Court File and Parties
COURT FILE NO.: YC-23-90000087-00MO DATE: 20240111
ONTARIO SUPERIOR COURT OF JUSTICE
BETWEEN:
HIS MAJESTY THE KING – and – M.J.
COUNSEL: S. DeFillipis, for the Crown M. Singh, for the Ministry of Children, Community, and Social Services K. Gray, for M.J.
HEARD: 27 November 2023
S.A.Q. AKHTAR J.
Factual Background and Overview
Background Facts
[1] On 18 December 2022, Kenneth Lee was swarmed and murdered by a group of eight girls in a parkette at 1 University Avenue in Toronto. The Crown alleges that the applicant in this case, M.J., was one of the perpetrators.
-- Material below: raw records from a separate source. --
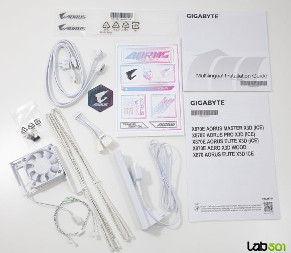 X870E AORUS Master X3D ICE este livrata intr-un ambalaj premium, cu un design grafic futurist, in care tema de culoare alba subliniaza identitatea vizuala a seriei “ICE”. In interior, pachetul de accesorii este generos, similar cu cel al modelului X870E AORUS Master. Gasim aici doua cabluri SATA, adaptorul front-panel G-Connector, doi senzori termici (utili pentru monitorizarea temperaturilor in zone critice), antena Wi-Fi 7 de noua generatie – echipata cu baza magnetica si sistem Wi-Fi EZ-Plug pentru conectare rapida – precum si elemente de branding AORUS – stickere si un badge metalic.
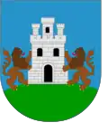 En campo de azur, una torre de oro sumada de un brazo armado de plata con una espada desnuda en su mano del mismo metal; cortado de oro, un lobo pasante de sable.[1] |
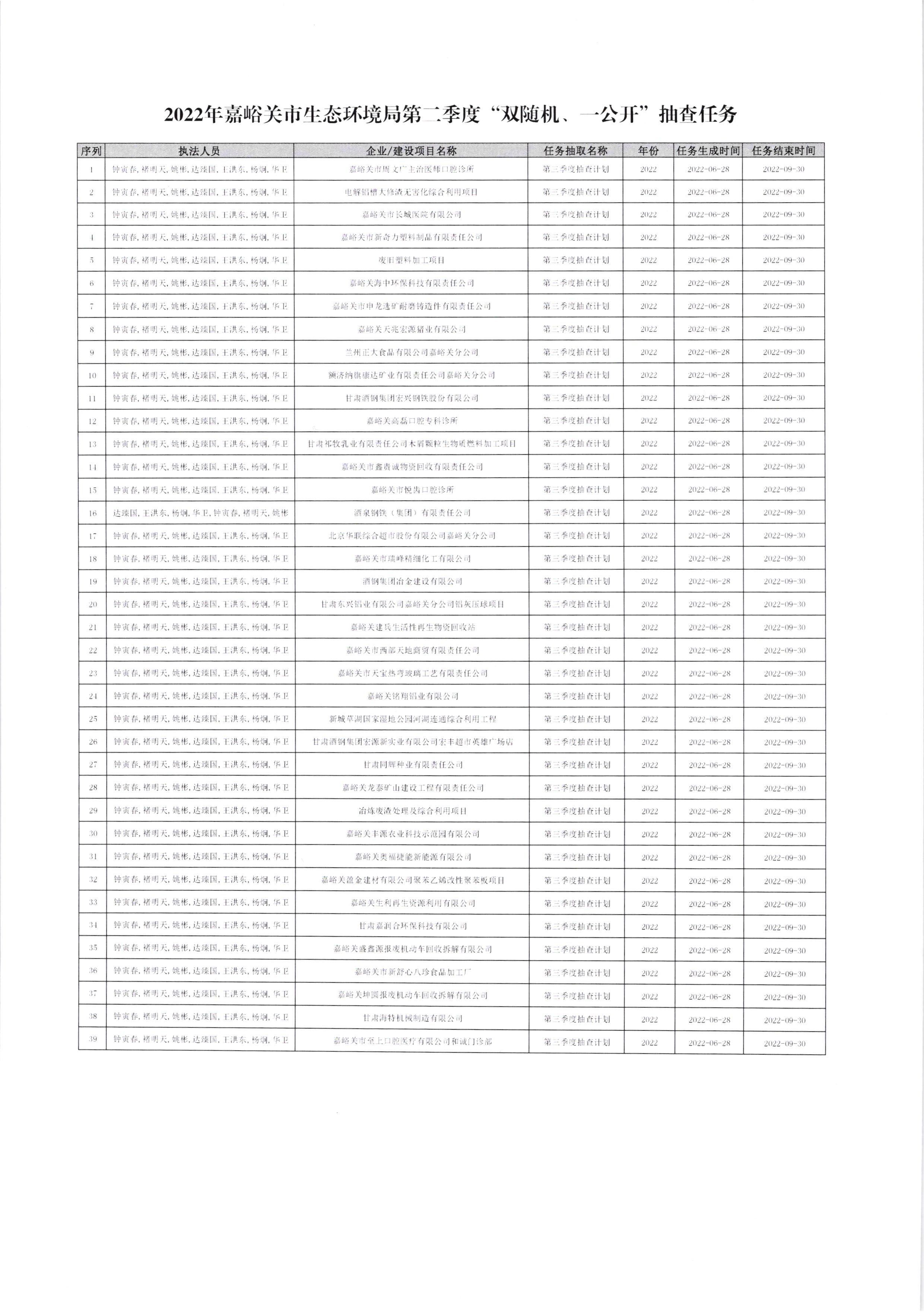 2022年嘉峪关市生态环境局第三季度“双随机、一公开”任务抽取公示
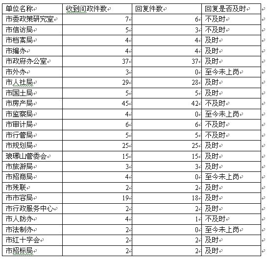 滁州市网络发言人平台自2月7日开通以来,网友发帖量超过1000条,涉及到106家单位,受到广大网民的关注,得到各单位的大力支持。在办理网民诉求过程中,能够及时回复办理的单位有:市政府办公室、市政协办公室、市委组织部、市档案局、市国土局、市妇联、市教育局、市公安局、市经信委、琅琊区、市二院、凤阳县等。

[2] M.J. was arrested and held in custody pending a bail hearing. On 7 February 2023, Sirivar J., sitting as a youth court judge, ordered that M.J. be detained. The detention order specified that M.J. was to be held in an open custody facility. As a result, M.J. was housed at the Marjorie Amos Residence in Brampton, an institution operated by the Elizabeth Fry Society. On 15 April 2023, the facility was flooded and deemed unfit for habitation. As a result, M.J. was transferred to the Creighton Youth Centre, an open youth, custody and detention facility located in Kenora.
[3] On 23 April 2023, M.J. renewed her application for bail based on a material change of circumstances. That hearing was due to be heard on the 25 and 26 April 2023 in Toronto. In order to facilitate an in-person hearing, M.J. was taken to Craigwood, a secure facility located in London.
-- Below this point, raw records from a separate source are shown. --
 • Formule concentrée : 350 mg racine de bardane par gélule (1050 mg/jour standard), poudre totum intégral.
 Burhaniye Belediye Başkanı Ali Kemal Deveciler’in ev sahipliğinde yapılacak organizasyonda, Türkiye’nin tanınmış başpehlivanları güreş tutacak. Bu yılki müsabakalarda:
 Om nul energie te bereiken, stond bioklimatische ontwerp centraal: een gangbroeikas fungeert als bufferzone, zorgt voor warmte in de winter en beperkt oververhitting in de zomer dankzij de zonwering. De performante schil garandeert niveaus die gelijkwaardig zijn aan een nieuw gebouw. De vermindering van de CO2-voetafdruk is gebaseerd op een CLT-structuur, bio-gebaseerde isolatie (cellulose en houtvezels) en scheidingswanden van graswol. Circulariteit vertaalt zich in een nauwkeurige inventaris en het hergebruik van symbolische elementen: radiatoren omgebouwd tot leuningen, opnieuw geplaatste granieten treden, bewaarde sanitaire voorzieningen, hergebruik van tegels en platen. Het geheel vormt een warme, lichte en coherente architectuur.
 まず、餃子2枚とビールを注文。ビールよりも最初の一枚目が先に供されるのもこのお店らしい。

[4] M.J. alleged that this breached the terms of Sirivar J.’s order and brought an application for habeas corpus seeking Charter costs and damages against the Crown, the Ministry, and the Craigwood facility.
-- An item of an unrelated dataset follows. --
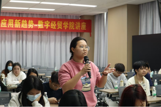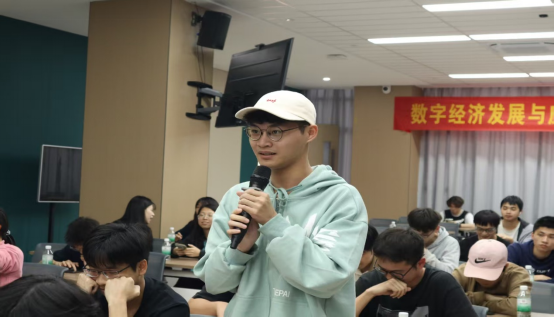 汤教授的主题演讲结束后,学生们紧抓与教授交流机会,争先恐后举手提问。有学生提问:随着数字经济的发展,传统的商业模式面临着哪些挑战和机遇,企业应该如何进行商业模式创新以适应新的市场环境。也有学生问到在制造业、农业、服务业等不同行业中,数字经济的应用呈现出哪些新的趋势和特点。
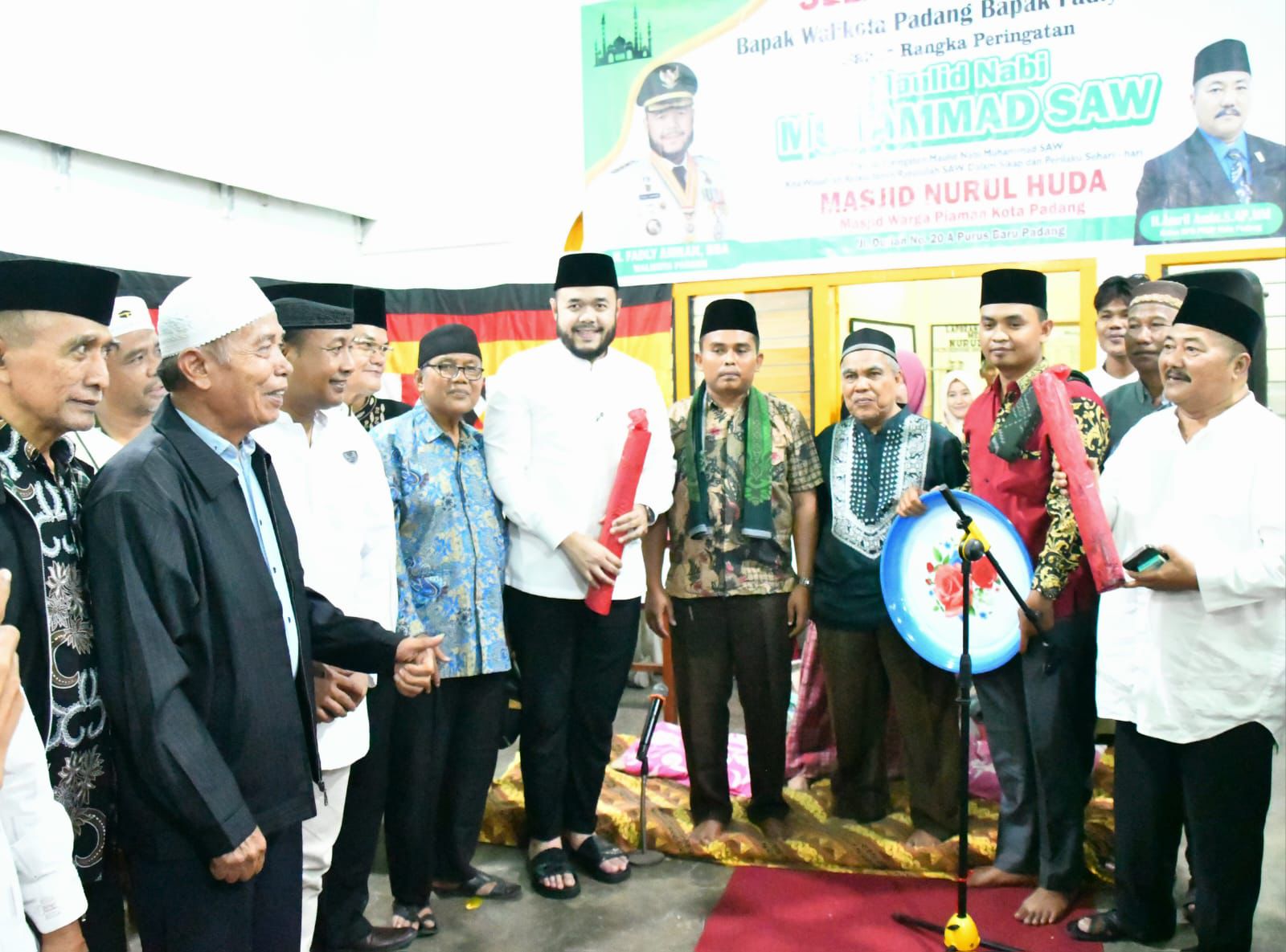 Padang,relasipublik – Wali Kota Padang, Fadly Amran, menghadiri acara Peringatan Maulid Nabi Muhammad SAW yang digelar keluarga besar Dewan Pimpinan Daerah (DPD) Persatuan Keluarga Daerah Piaman (PKDP) Kota Padang, di Masjid Nurul Huda Purus Baru, Kelurahan Ujung Gurun, Kecamatan Padang Barat, Sabtu (20/9/2025) malam.

[5] On 26 April 2023, M.J.’s bail review was heard and she was released with conditions. In the meantime, the habeas corpus application had been scheduled and was set to be argued on 28 April 2023. The Crown and the Ministry of Children, Community and Social Services (MCCSS) argued that given M.J.’s release, the issue was moot and asked for the habeas corpus application to be summarily dismissed. The presiding judge, Moore J., concluded she did not have sufficient materials to decide the issue and at the request of the parties, remanded the habeas corpus and dismissal applications to Toronto.
[6] When the matter appeared in the Special Motions Assignment Court, all parties agreed upon a bifurcated procedure. The MCCSS and Crown would bring its summary dismissal application. If that was unsuccessful, a date would be selected to hear the habeas corpus application.
Positions of the Parties
[7] The MCCSS and the Crown repeat their request that the habeas corpus application be dismissed. They argue that:
- There is no authority to grant a declaration and Charter damages and costs under s. 24(1) of the Charter under the existing rules;
- The application of habeas corpus is moot; and
- The Court should decline to exercise its discretion to hear a moot application.
[8] On the other hand, M.J. submits that the test for summary dismissal set out in R. v. Haevischer, 2023 SCC 11, 480 D.L.R. (4th) 577, has not been met. She argues that the Court may grant Charter remedies in the habeas corpus context including damages; that the award of costs is independent of whether a detention is ongoing; and that there are sufficient grounds to justify this Court hearing a moot application.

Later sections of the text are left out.